--- Exercise directions ---
With the images removed, repeat the data below exactly.

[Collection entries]
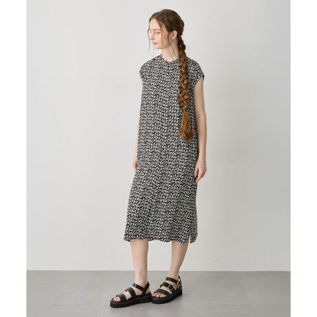 バンドカラープリントワンピース
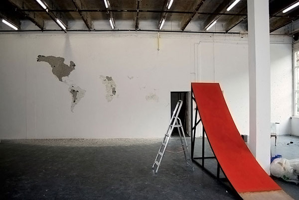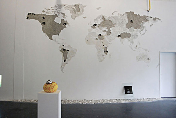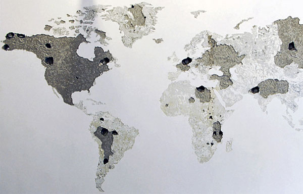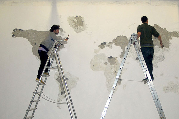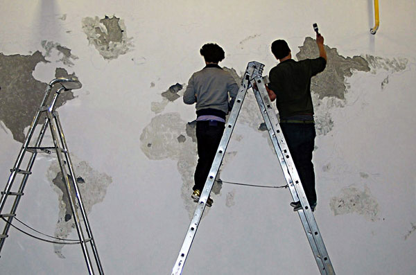 想到要裝潢新家,總是會讓人想破頭,空白的牆面上該放上什麼裝飾,才能符合自己的調調呢?很有想法的法國藝術家 Jean Denant,面對一堵空白牆面不打算保持它的光滑平整,而是用榔頭、鑿子等工具狠狠地在牆面上敲敲打打,利用牆面的自然凹陷,敲打出一整面的世界地圖。
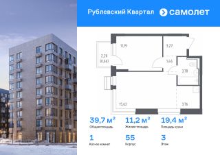 Строим кварталы для жизни с заботой о будущем. Предлагается 1-комнатная квартира комфорт-класса 39,74 кв.м в корпусе 55 на 3 этаже, в ЖК "Рублевский Квартал"
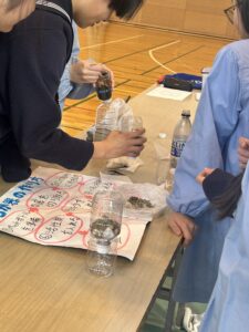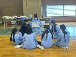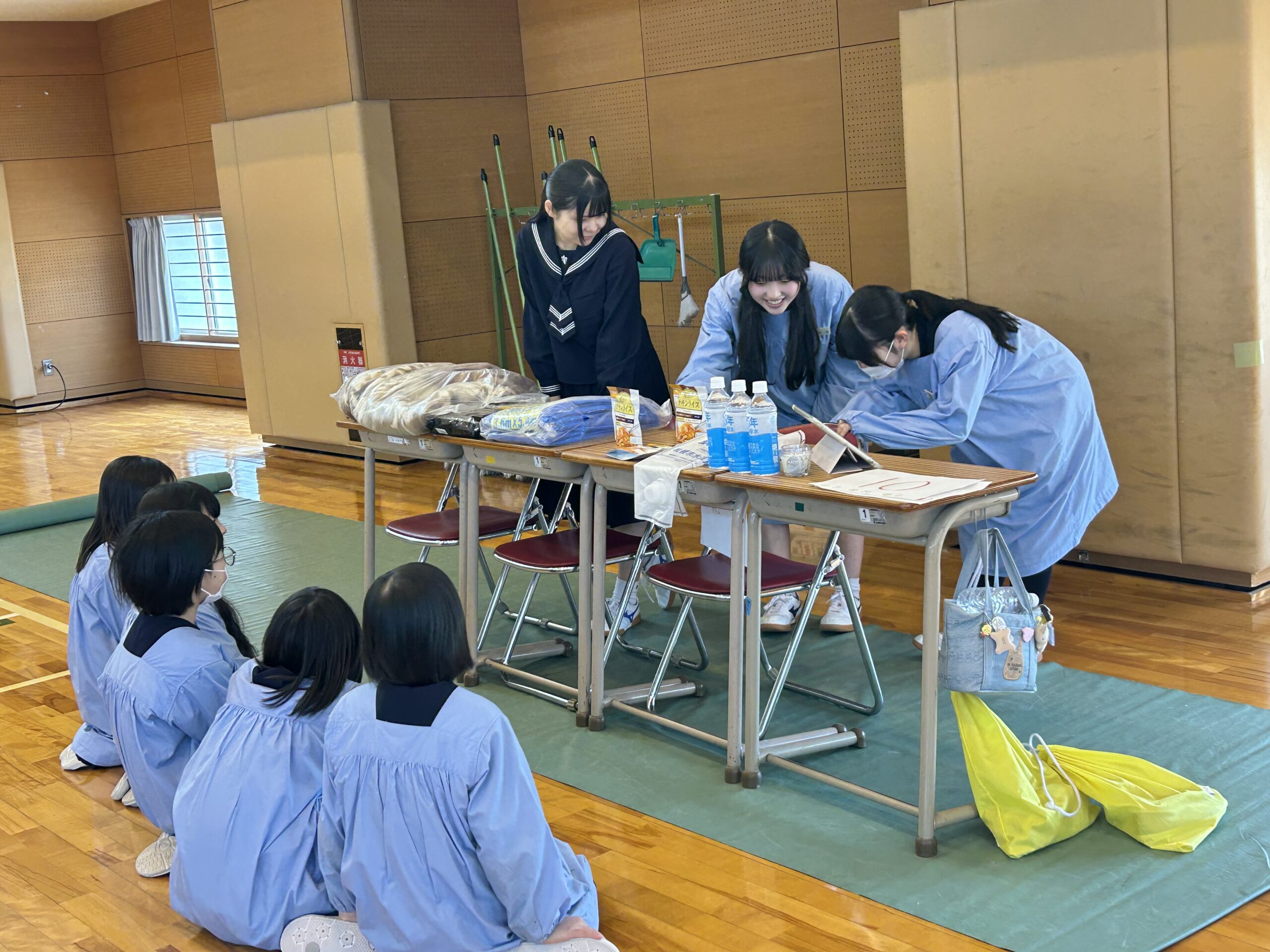 秋の探究発表会で取り組んだ内容を小学生向けに再構成し、体育館で併小4・5年生を対象に15分×3回のワークショップを実施。高校Ⅱ年生にとってはこれまでの学びを整理し直す機会となり、小学生にとっても防災を身近に感じる時間となりました。
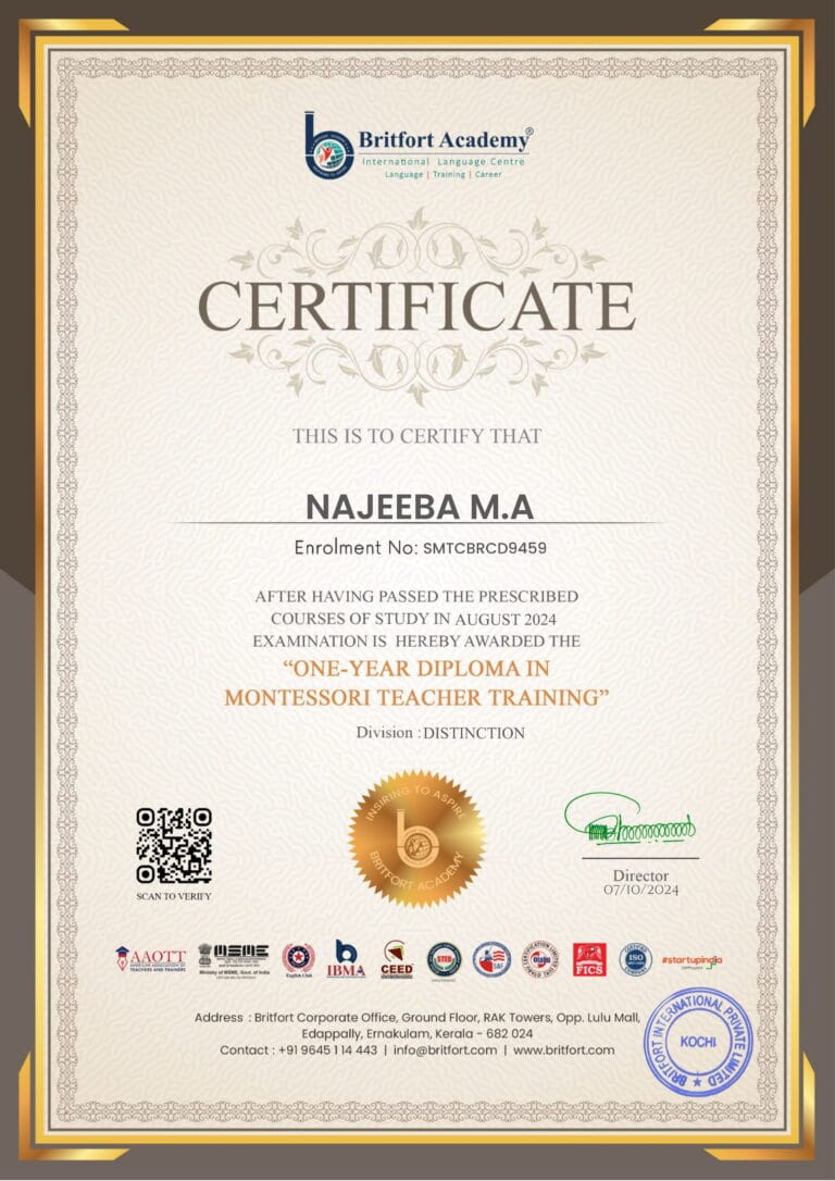 Verified ✅Issued by: Britfort AcademyIssued on: 07/10/2024Issued to: Najeeba M ARegister number: SMTCBRCD9459

--- Worked solution ---
 バンドカラープリントワンピース
 想到要裝潢新家,總是會讓人想破頭,空白的牆面上該放上什麼裝飾,才能符合自己的調調呢?很有想法的法國藝術家 Jean Denant,面對一堵空白牆面不打算保持它的光滑平整,而是用榔頭、鑿子等工具狠狠地在牆面上敲敲打打,利用牆面的自然凹陷,敲打出一整面的世界地圖。
 Строим кварталы для жизни с заботой о будущем. Предлагается 1-комнатная квартира комфорт-класса 39,74 кв.м в корпусе 55 на 3 этаже, в ЖК "Рублевский Квартал"
 秋の探究発表会で取り組んだ内容を小学生向けに再構成し、体育館で併小4・5年生を対象に15分×3回のワークショップを実施。高校Ⅱ年生にとってはこれまでの学びを整理し直す機会となり、小学生にとっても防災を身近に感じる時間となりました。
 Verified ✅Issued by: Britfort AcademyIssued on: 07/10/2024Issued to: Najeeba M ARegister number: SMTCBRCD9459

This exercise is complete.